The Federal Reserve Bank of New York is poised to unveil a proof-of-concept for “regulated liability networks” — an experiment around tracking and transmitting tokenized debt issued by an array of regulated financial institutions.
Major lenders Citi, Bank of America, BNY Mellon and HSBC, alongside payments specialists Mastercard and Swift, are involved in the test, which will be announced early next week, according to four people familiar with the matter. A white paper expounding the benefits of RLN also will be published, the sources added.

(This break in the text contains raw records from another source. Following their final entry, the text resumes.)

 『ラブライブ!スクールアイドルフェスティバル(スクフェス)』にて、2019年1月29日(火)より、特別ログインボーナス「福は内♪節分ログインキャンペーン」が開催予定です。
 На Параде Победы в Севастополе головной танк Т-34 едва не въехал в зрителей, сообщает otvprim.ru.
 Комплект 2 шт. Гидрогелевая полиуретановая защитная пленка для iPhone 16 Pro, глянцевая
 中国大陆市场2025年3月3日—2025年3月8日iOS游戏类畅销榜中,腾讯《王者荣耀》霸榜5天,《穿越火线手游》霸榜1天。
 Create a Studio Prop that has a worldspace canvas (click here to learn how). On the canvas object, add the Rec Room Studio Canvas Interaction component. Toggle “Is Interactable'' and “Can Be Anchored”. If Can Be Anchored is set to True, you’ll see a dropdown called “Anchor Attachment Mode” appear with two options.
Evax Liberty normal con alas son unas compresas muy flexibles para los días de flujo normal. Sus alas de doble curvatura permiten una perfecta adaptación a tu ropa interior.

In the race to establish new digital forms of money, RLN represent a potential alternative to unregulated tokens, like bitcoin, but also to the central bank digital currencies that many of the world’s central banks are exploring. The premise is that central bank money, commercial bank money and electronic money — issued by regulated non-bank payment firms — could all exist on the same distributed ledger.
The pending RLN announcement comes on the heels of a recently unveiled digital dollar pilot aimed at using interoperable blockchains for near-instant cross-border payments and clearing. And on Nov. 10, the New York Fed announced a joint experiment with the Monetary Authority of Singapore, the city-state's financial regulator, to test how wholesale CBDCs could streamline cross-border payments involving multiple currencies.

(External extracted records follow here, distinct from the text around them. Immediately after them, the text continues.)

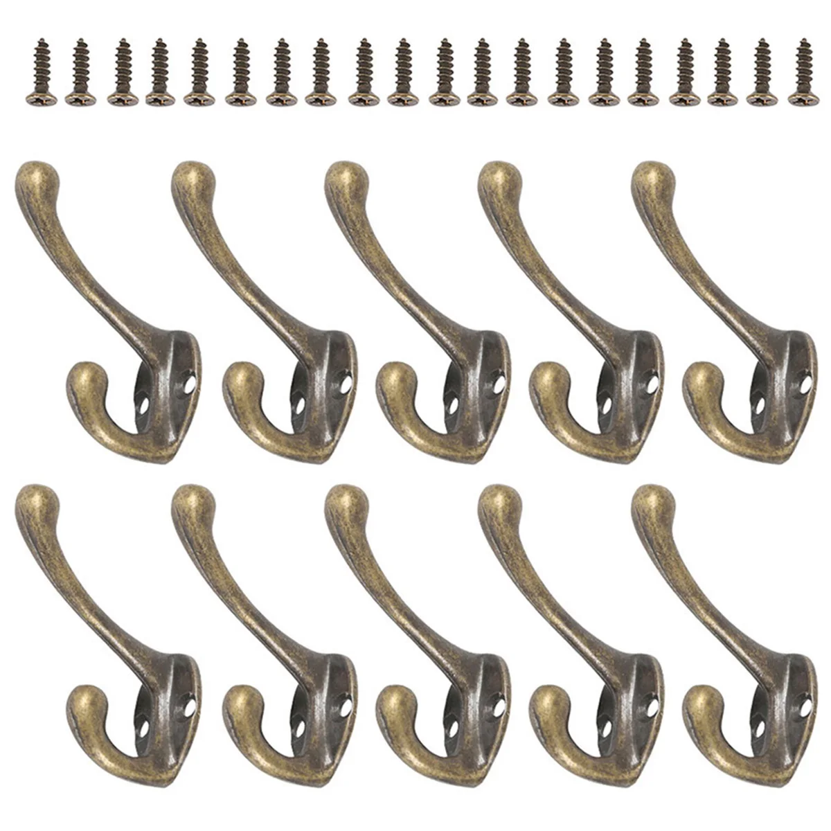 10/20 pièces patères salle de bain mural double porte-manteau Bronze Vintage cintre se...
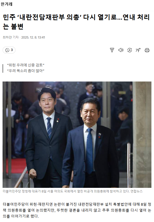 독재로 일을 처리하니 당원간에 분열이 일어나고 당원과 중앙위 사이에서도 분열이 일어나고 민주당이 똘똘 뭉쳐서 내란척결에 힘을 쏟아야 할 시기에 숙의를 거쳐서 천천히 하면 될 일로 당을 분열시키는 정청래딴대는 무능하고 무능한 대표입니다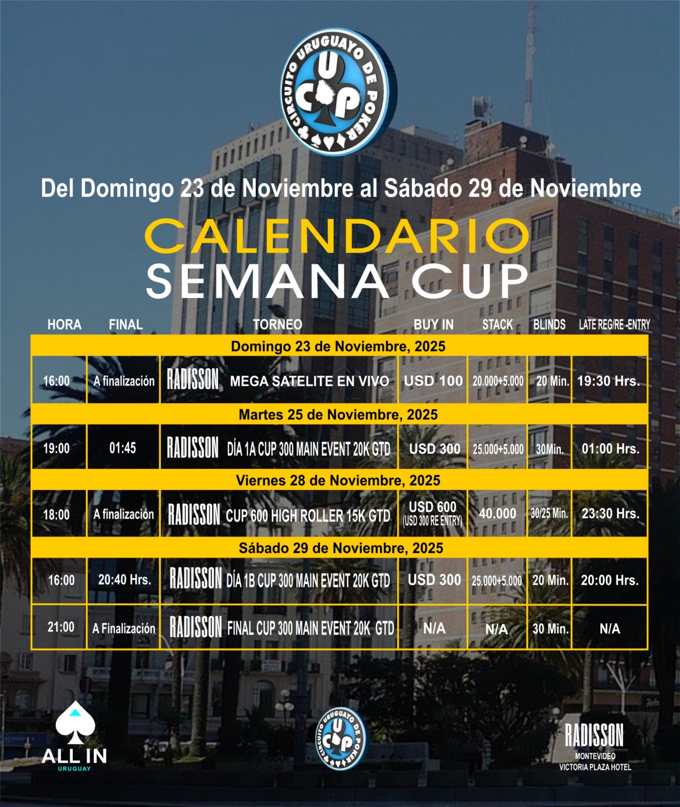 Durante los meses de NOVIEMBRE, DICIEMBRE, FEBRERO, MARZO, ABRIL, MAYO/JUNIO se llevará a cabo el RANKING ALL IN 2026. El cual clasificara todos los meses a los 5 jugadores que hayan cosechado más puntos en todos los eventos regulares en Radisson Montevideo inclusive los eventos CUP. Estos últimos, al igual que la primera semana de cada mes, PUNTUARÁ DOBLE.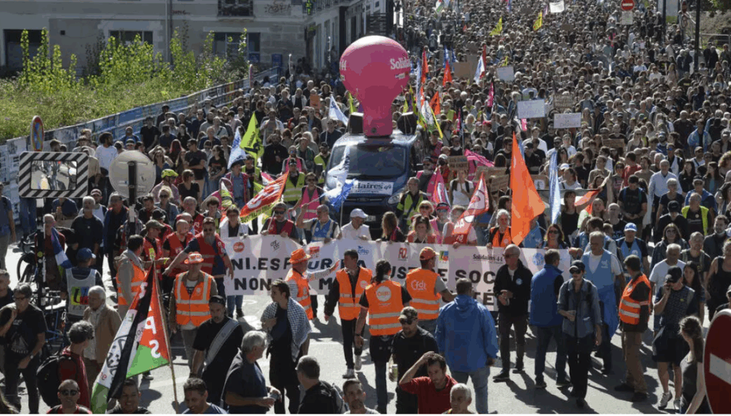 فرانسه، امروز پنجشنبه ۱۸ سپتامبر، شاهد بزرگترین اعتصاب و تجمعات اعتراضی در دو سال گذشته است. اتحادیههای کارگری از بخشهای مختلف از جمله حملونقل، آموزش، رانندگان کامیون و داروخانه ها، دست به اعتصاب زدهاند تا به کاهش شدید بودجه ۲۰۲۶ که دولت قصد اجرای آن را دارد، اعتراض کنند. تظاهرات اصلی امروز، در پاریس، اندکی پس از ساعت ۱۴ از میدان باستیل به سمت میدان ناسیون، آغاز شد.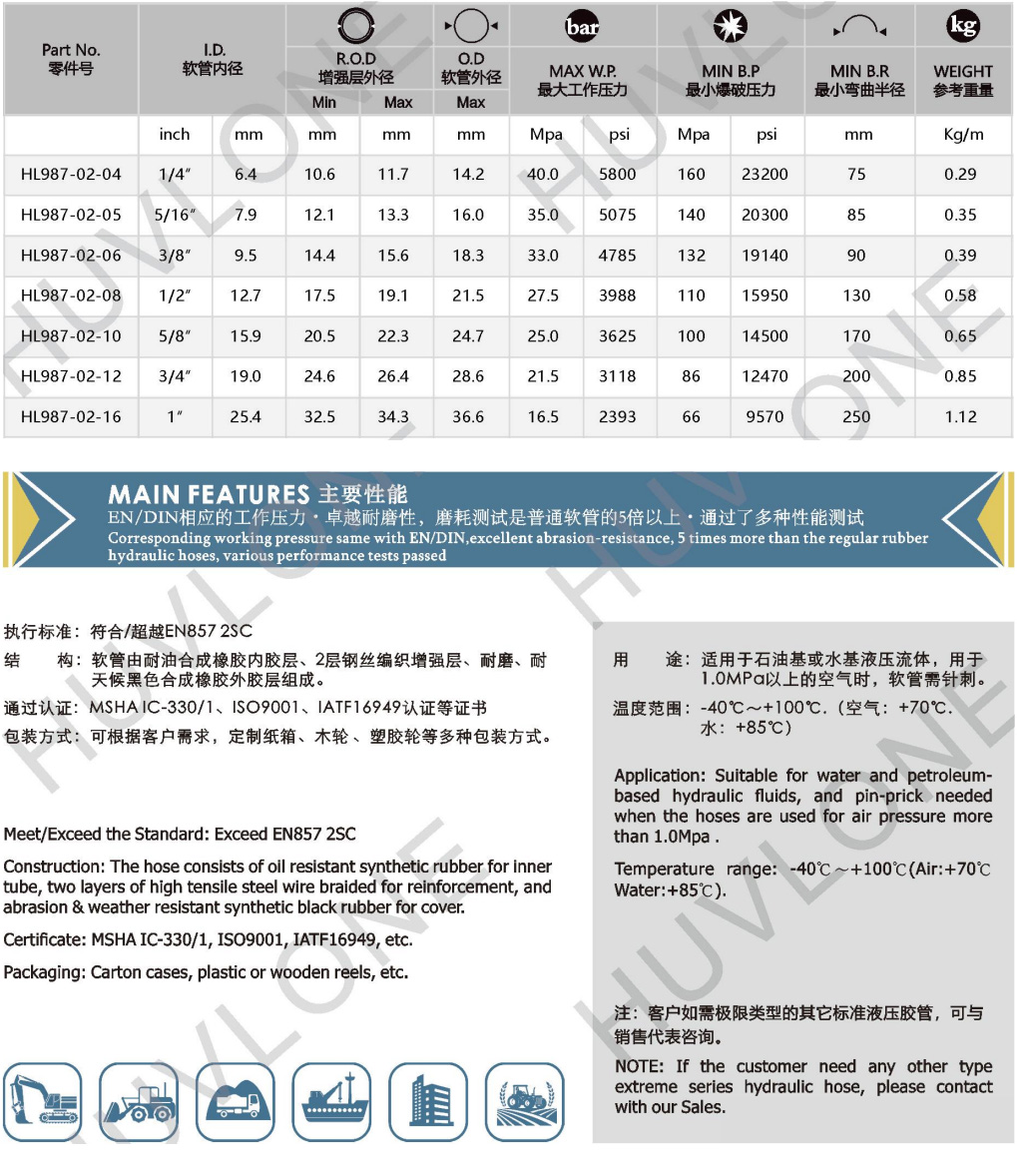 Meet/Exceed the standard of DIN EN857 Two steel wires braided rubber hydraulic hose with abrasion - resistance

The news comes as chaos reigns supreme in unregulated crypto markets, following the stunning collapse of Sam Bankman-Fried’s exchange FTX.

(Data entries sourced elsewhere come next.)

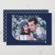 O moderno design do cartão com fotos Chanucá dos Partidos Temáticos apresenta um pano de fundo azul marinho para o seu conjunto de fotos de feriado favorito em uma forma retangular geométrica moderna com dois cantos arredondados. O verso é uma estrela de David com um padrão branco e marinho azul. Mude "Desejo que Ame & Luz" para a sua saudação favorita de Hanukkah. #Hanukkah #Holidays #HanukkahCards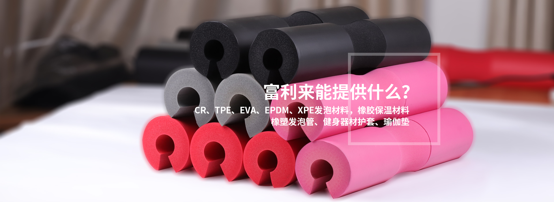 主要产品:CR、TPE、EVA、EPDM、XPE发泡材料,橡胶保温材料、橡塑发泡管、健身器材护套、瑜伽垫等
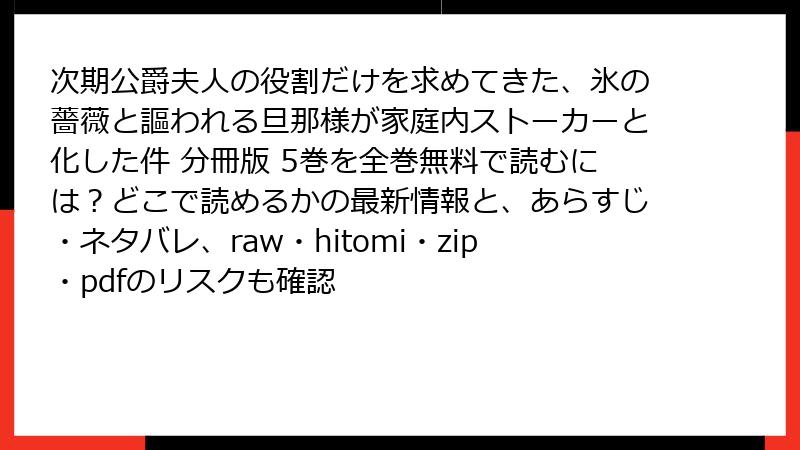 人気のラブコメマンガ「次期公爵夫人の役割だけを求めてきた、氷の薔薇と謳われる旦那様が家庭内ストーカーと化した件 分冊版 5巻」を無料で読みたいと思う人は少なくないでしょう。しかし、raw、hitomi、zip、pdf、漫画バンクなどの海賊版サイトを利用するのは、さまざまなリスクを伴います。この記事では、それらの危険性を詳しく解説し、なぜ避けるべきかを考察します。合法的な方法で楽しむことをおすすめします。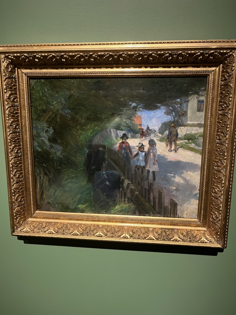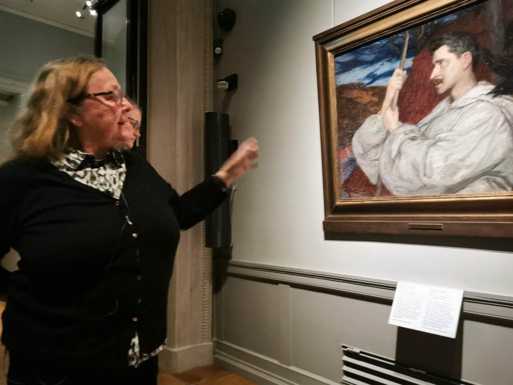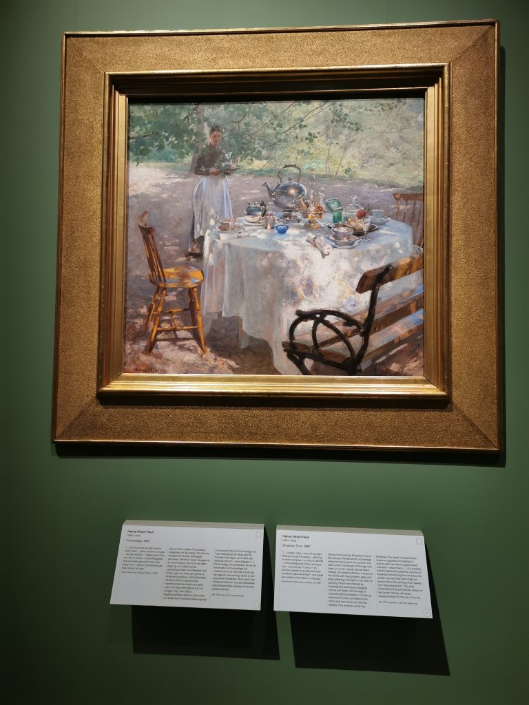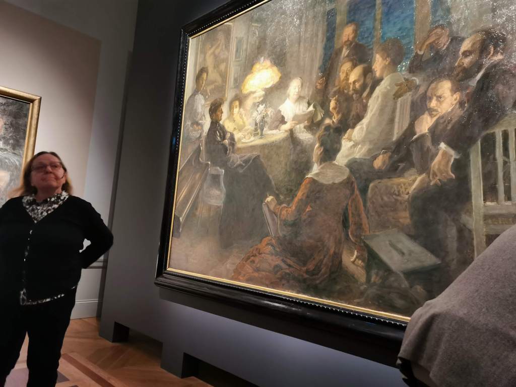 Vår nästa aktivitet var en mycket uppskattad guidad visning av Hanna Pauli utställningen på Nationalmuseet. Den är populär och drar mycket folk. Men vår guide föste undan alla andra så vi som hade bokad visning kunde sitta längst fram och lyssna på hennes intressanta beskrivning av de olika verken

Tony McLaughlin, an executive at Citi focused on emerging payments and business development, is a leader in the field of RLNs. In a recent blog post on Citi’s website, he wrote, “It may be possible for central banks and regulators to create a new direction for the regulated sector through a slight pivot in existing CBDC projects and the nascent tokenization of commercial bank money. They may adopt a broader view of the task at hand — not the tokenization of central bank liabilities, but the tokenization of all regulated liabilities on a common platform.”
McLaughlin, who did not respond to a request for comment from The Block, wrote in the blog post that safe digital money needs to be regulated; redeemable at par value on demand; denominated in national currency units; and “an unambiguous legal claim on the regulated issuer.” He suggested that other regulated assets — such as bonds, equities and trade instruments — could also exist on a RLN.
One person familiar with the New York Fed’s plans, who asked not to be named, said, “RLN is one approach to build upon an existing system rather than risk being replaced wholly by alternative systems.”
A spokesperson for the New York Fed declined to comment, as did a spokesperson for Citi. HSBC, Bank of America, BNY Mellon, Mastercard and Swift did not respond to requests for comment.
With additional reporting from Colin Wilhelm.